The Coming Sparagmos?

Filed under: GA — adam @ 8:36 am

These are not normal times.  It would be a mistake, I think, to see the Democrats gaining a majority in the House or Senate as the standard, people-punishing-the-President’s-party-in-the-sixth-year-of-his Presidency.  The Democrats offer nothing–indeed, claim to offer nothing–other than a ritualistic tearing apart and devouring of the Bush Administration and all of its works.  This will not merely be a question of more aggressive oversight, or a rolling back of some more “extreme” initiatives, or “teaching Republicans a lesson”–it will be non-stop subpoenas, impeachment, dismantling key elements of the War on Terror, an abandonment of Iraq, and a signal sent throughout the world to allies and enemies alike that the US cannot be relied upon, everyone should make their own accommodations in this “Final Conflict.”  The Democrats are a deeply pathological party, representing broader global forces absolutely inimical to constitutional government, free market economics, Christianity, Jews and Israel and any assertion of cultural boundaries set by a presumed common human origin.  Any idea that power will make them more responsible is as reasonable here as it has turned out to be with the Palestinians–there is no way Democrats in power would be able to resist the forces that have placed them there–the anti-war “netroots,” funded by George Soros and crazed by years of flailing against what they see as dark, conspiratorial forces. 

I am certainly not predicting such a Democratic victory–in fact, we will learn a lot about how completely the “mainstream media” has “jumped the shark” if, as I suspect, the poll results showing decisive, even overwhelming, Democratic gains are heavily and deliberately skewed for the purpose of demoralizing Republicans and depressing turnout.  But we will know about that soon enough–for now, it might be useful to reflect upon what such an upheaval would mean. 

First of all, it is a very strange time for such ominous clouds to be gathering over the Republican majority.  After all, what’s wrong, exactly?  The economy seems to be in excellent shape–here in Connecticut, one of the Democratic congressional candidates is running against “Bush’s disastrous economic policies” but has yet to specify wherein the disaster lies.  There was the Abramoff scandal, which tainted the Republicans, but, really, how much can that explain?  Mark Foley?–you must be kidding.  There have been no terrorist attacks on American soil which, for the nutroots, might suggest that the Bush Administration has frabricated the entire terrorist issue to implement its plans to install a fascist theocracy, but one would assume that for most Americans that would be an indication to leave well enough alone.  And issues like immigration and out of control spending generates significant resentment among conservatives, but how many people well enough informed to be focused on such issues would take their grievances to the point of wanting to see Speaker Pelosi wielding the gavel in January?

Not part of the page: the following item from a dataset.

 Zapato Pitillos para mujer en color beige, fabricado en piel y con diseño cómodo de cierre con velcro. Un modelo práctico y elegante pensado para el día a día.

It must really be all about Iraq, it seems to me, and even here the source and logic of the complaint is not very clear.  Can one really doubt that it’s better for Saddam Hussein to be out and us to be in in Iraq?  That some 3,000 deaths is a remarkably low number of casualties?  That counter-insurgency wars are inherently unpredictable and require patience and an ability to improvise, and hence can’t be referred back to some “plan”?  That this is a long struggle and even the worst case scenarios in Iraq might contain a range of silver linings which, if we keep our heads, we should be able to exploit?

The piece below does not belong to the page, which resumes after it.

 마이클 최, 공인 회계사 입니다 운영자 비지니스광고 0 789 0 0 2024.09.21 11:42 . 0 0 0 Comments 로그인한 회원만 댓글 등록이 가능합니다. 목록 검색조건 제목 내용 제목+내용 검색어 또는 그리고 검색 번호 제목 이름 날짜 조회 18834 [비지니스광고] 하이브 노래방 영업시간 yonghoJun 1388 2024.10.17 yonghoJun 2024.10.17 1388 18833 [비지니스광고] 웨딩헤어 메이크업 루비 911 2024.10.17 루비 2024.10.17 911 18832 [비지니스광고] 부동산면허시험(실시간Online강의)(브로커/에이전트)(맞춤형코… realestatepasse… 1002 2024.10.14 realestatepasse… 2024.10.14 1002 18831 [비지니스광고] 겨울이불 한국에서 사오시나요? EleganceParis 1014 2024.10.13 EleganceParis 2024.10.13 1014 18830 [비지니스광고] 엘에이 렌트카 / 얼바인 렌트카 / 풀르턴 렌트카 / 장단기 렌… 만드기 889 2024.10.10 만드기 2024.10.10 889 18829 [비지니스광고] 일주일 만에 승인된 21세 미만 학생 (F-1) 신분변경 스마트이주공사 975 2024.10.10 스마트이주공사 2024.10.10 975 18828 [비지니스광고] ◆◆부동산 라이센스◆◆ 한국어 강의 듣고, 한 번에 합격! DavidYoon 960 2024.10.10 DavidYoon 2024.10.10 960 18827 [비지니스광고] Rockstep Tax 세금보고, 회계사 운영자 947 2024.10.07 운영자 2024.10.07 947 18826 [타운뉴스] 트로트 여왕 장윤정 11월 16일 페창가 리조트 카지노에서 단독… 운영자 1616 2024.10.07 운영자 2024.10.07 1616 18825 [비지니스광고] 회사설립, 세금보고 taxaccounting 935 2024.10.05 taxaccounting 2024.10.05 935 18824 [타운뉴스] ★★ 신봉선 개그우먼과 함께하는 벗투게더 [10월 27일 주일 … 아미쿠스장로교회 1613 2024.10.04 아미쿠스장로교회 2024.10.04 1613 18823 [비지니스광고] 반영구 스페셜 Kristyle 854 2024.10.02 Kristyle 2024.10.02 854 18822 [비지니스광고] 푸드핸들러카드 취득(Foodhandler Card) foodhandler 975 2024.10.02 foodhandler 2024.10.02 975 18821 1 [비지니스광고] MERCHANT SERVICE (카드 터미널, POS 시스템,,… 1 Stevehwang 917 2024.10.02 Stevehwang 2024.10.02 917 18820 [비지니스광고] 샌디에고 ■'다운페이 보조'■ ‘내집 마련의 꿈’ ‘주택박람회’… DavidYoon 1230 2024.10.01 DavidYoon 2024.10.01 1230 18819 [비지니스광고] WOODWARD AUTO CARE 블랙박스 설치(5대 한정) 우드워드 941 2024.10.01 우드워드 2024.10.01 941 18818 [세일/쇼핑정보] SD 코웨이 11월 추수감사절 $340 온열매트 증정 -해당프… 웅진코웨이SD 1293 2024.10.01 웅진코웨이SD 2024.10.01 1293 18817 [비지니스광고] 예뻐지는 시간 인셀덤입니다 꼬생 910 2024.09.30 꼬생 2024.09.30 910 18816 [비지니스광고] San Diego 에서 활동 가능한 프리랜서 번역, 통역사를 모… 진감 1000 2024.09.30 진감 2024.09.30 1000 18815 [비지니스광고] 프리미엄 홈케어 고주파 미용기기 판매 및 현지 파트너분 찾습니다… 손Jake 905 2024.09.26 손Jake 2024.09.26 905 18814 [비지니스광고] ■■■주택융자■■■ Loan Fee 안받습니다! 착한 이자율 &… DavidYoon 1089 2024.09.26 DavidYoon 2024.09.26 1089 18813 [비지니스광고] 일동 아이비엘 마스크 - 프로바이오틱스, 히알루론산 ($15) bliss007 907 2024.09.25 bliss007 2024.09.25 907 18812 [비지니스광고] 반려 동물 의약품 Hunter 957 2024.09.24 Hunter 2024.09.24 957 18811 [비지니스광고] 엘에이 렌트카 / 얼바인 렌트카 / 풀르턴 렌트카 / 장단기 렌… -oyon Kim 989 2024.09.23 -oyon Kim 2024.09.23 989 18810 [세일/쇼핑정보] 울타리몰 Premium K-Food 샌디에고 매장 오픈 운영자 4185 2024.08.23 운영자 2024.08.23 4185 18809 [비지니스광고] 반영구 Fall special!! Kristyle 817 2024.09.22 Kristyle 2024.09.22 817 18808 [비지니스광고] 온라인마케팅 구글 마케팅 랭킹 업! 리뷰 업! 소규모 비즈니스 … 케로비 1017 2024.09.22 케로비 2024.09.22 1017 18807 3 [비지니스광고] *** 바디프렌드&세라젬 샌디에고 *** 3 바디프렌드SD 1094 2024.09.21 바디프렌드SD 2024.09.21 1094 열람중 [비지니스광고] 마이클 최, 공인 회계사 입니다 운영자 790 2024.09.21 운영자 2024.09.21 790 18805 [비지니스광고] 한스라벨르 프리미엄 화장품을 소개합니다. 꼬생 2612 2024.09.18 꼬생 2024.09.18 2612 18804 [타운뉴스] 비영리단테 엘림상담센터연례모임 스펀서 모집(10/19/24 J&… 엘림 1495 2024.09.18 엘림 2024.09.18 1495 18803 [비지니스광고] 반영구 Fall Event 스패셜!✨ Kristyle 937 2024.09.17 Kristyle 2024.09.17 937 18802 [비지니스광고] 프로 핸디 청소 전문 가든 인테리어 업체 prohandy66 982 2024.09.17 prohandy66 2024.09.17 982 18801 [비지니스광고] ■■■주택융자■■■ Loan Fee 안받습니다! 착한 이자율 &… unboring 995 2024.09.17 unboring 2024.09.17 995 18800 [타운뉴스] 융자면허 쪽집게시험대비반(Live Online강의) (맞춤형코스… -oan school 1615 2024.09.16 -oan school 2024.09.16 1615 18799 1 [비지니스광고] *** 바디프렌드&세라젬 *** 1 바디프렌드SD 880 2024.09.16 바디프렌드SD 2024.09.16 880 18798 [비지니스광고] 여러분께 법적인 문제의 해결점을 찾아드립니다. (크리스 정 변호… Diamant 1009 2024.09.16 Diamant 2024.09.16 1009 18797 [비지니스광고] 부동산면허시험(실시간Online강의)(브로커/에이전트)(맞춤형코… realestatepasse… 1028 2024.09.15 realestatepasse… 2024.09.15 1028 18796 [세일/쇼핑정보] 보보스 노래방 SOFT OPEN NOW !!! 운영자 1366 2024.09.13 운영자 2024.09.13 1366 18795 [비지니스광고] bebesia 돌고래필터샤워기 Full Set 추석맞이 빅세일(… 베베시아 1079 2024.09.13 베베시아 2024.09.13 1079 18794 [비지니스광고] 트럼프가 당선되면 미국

Obviously these are far from rhetorical questions–many, if not most people are doubting these things.  And if we look at the form the doubts take, I think we find something rather interesting.  Those who complain about the number of dead in Iraq will not consider themselves obliged to tell you how many dead they think would be “worth” obtaining our goal there–to some extent this is because those generating such resentments think that America asserting its power inevitably makes things worse so that it wouldn’t be worth a single death and they are simply manipulating the fears and compassion of others; but that wouldn’t explain why the argument seems effective beyond a small circle of the ideologically committed anti-Americans.  Nor does anyone feel obliged to tell you how long it should take to win (much less how they have “done the math” on these questions); or, to get into some of the more specific complaints, if we had tried to keep the Iraqi army in place after the invasion, what negative consequences might have flowed from our apparent identification with that oppressive force; or if we had not invaded Iraq, how would the sanctions regime we were previously enforcing be doing by this point; or… or…. in fact, hardly anyone seems obliged to construct an alternative scene predicated upon their complaint.  Almost everyone, as Victor Davis Hanson has repeatedly pointed out, seems immediately attuned to the “pulse of the battlefield,” reacting to the last crisis, the newly revealed vulnerable point in those actually responsible for making and implementing decisions. 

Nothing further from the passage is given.